The international community has repeatedly undertaken to reduce greenhouse gas emissions in order to slow the process of climate change. In 1997, after the Kyoto Protocol was negotiated, Canada undertook to reduce its emissions by 6% relative to 1990 levels. In 1997, agriculture accounted for 9% of greenhouse gas emissions in Canada, or 61.4 million tonnes, primarily carbon dioxide (CO₂), nitrous oxide and methane.(4)

This document focuses on the role of agricultural soil in CO₂ emissions. The first part describes the process of soil carbon sequestration and how that process can help reduce agricultural CO₂ emissions. The second part looks at ways the agriculture industry can create “carbon sinks.”

In agriculture, there are three main sources of carbon dioxide emissions: changes that affect soil carbon reserves; CO₂ released through the use of fossil fuels on farms; and indirect emissions related to the use of fossil fuels to produce pesticides, fertilizers, etc. The following table shows estimated CO₂ emissions from various sources in the Canadian agricultural industry.

	1981	1986	1991	1996
	(millions of tonnes of CO₂)
Soils	7.7	7.3	5.1	1.8
Fuels used on farms	9.5	7.7	8.1	9.5
Indirect emissions(5)	13.7	14.7	14.6	16.3
Total emissions attributable to agriculture	30.9	29.7	27.8	27.6

Source: R.L. Desjardins in The Health of Our Air: toward sustainable agriculture in Canada, Agriculture and Agri-Food Canada, Research Branch, 1998.

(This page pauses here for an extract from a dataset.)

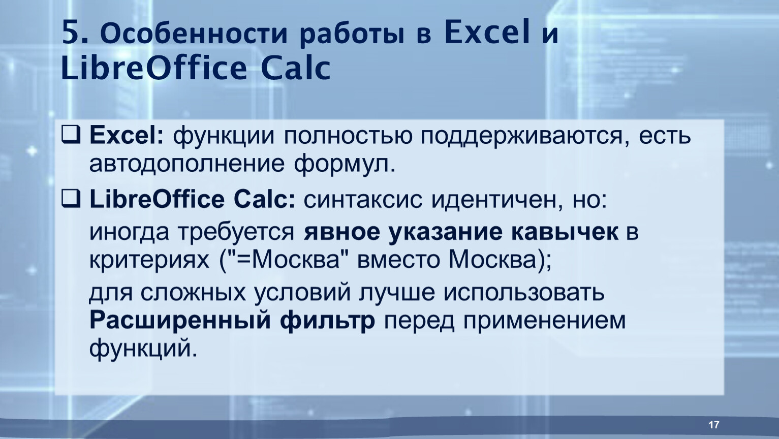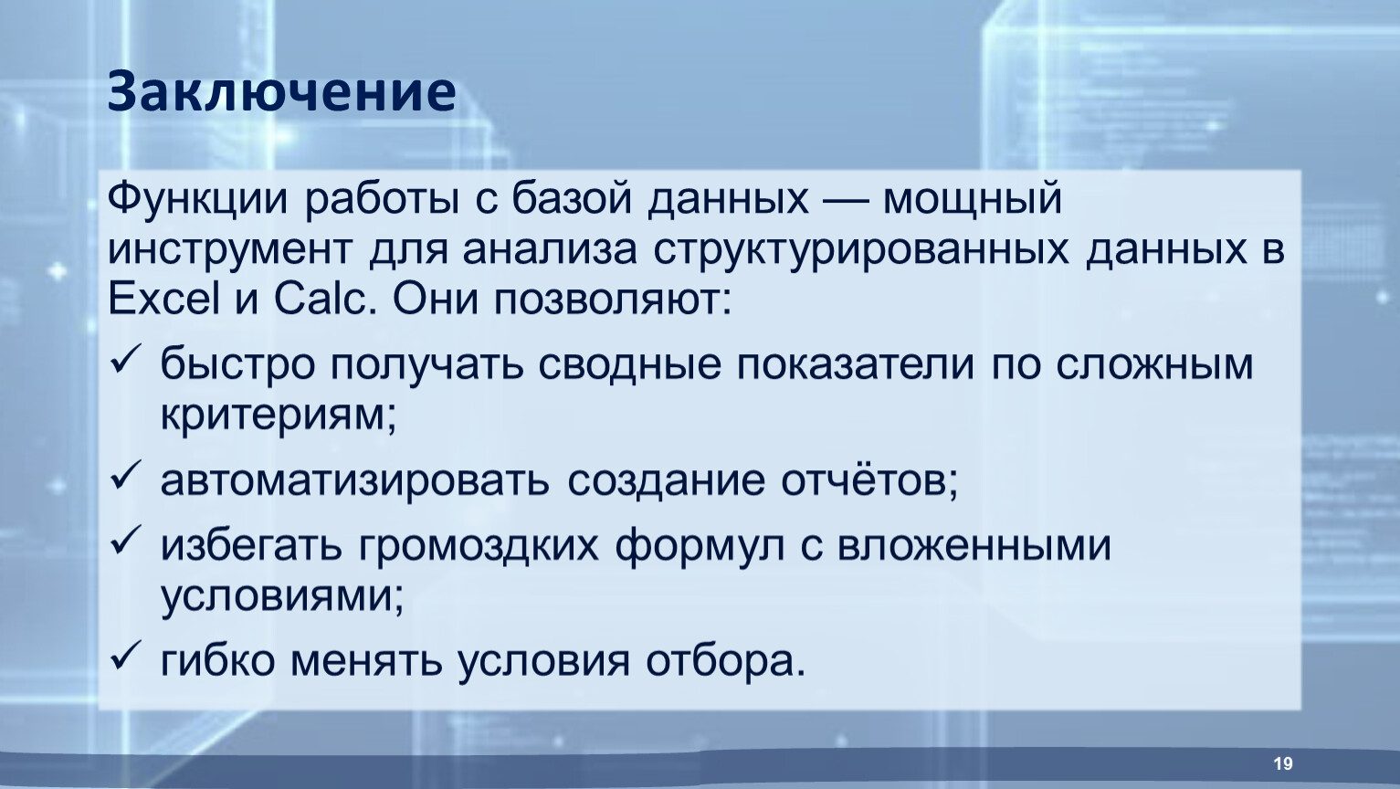 Функции работы с базой данных — мощный инструмент для анализа структурированных данных в Excel и Calc. Они позволяют:
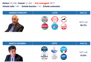 Sandro Principe sta per tornare sindaco di Rende. Quando sono stati conteggiati 3.497 voti, il suo vantaggio sugli avversari è nettissimo. Principe è attestato a 2.021 voti pari al 58,89% mentre il candidato del centrodestra Ghionna con 653 voti è al 19,03% e il candidato Bilotti è terzo con 507 voti pari al 14,33%. I sostenitori di Principe, nella segreteria elettorale, sono molto distesi e si preparano ai festeggiamenti. Sandro Principe è tornato alla ribalta soprattutto grazie al referendum sulla città unica di Cosenza indetto dalla Regione e risoltosi con un clamoroso successo dei No trascinati proprio dalla città di Rende e dall’impegno in tal senso del leader socialista. Un risultato che era prevedibile ma che forse non era scontato con questo distacco. AGGIORNAMENTO SU 8.500 VOTANTI

According to the data in Table 1, CO₂emissions from agricultural soil decreased from 7.7 million tonnes in 1981 to 1.8 million tonnes in 1996; they are believed to be virtually zero today.(6) The reasons for this trend are stated in the following sections.

To understand CO₂ emissions from soil, it is important to have some idea of the carbon cycle in farm systems. Generally, CO₂ in the atmosphere is absorbed by plants, which transform it into carbohydrates, cellulose and other sugars. Each plant uses some of the carbon compounds to meet its energy needs and converts them back into CO₂. Some of the carbon remaining in the plant is then removed from the system when the plant is harvested; the rest ends up in the ground and is transformed into CO₂ again by microbes in the soil. This cycle is identical in all crop systems, but the quantities of CO₂ involved vary depending on climate, soil and type of plant. The cycle is slightly more complex on farms where animals are raised because instead of being removed from the system, a considerable proportion of the plant matter is used as bedding or feed. Some of that carbon is released by the animals in the form of CO₂, some is removed in the form of animal products (meat, for example), and a significant quantity is returned to the ground in the form of manure.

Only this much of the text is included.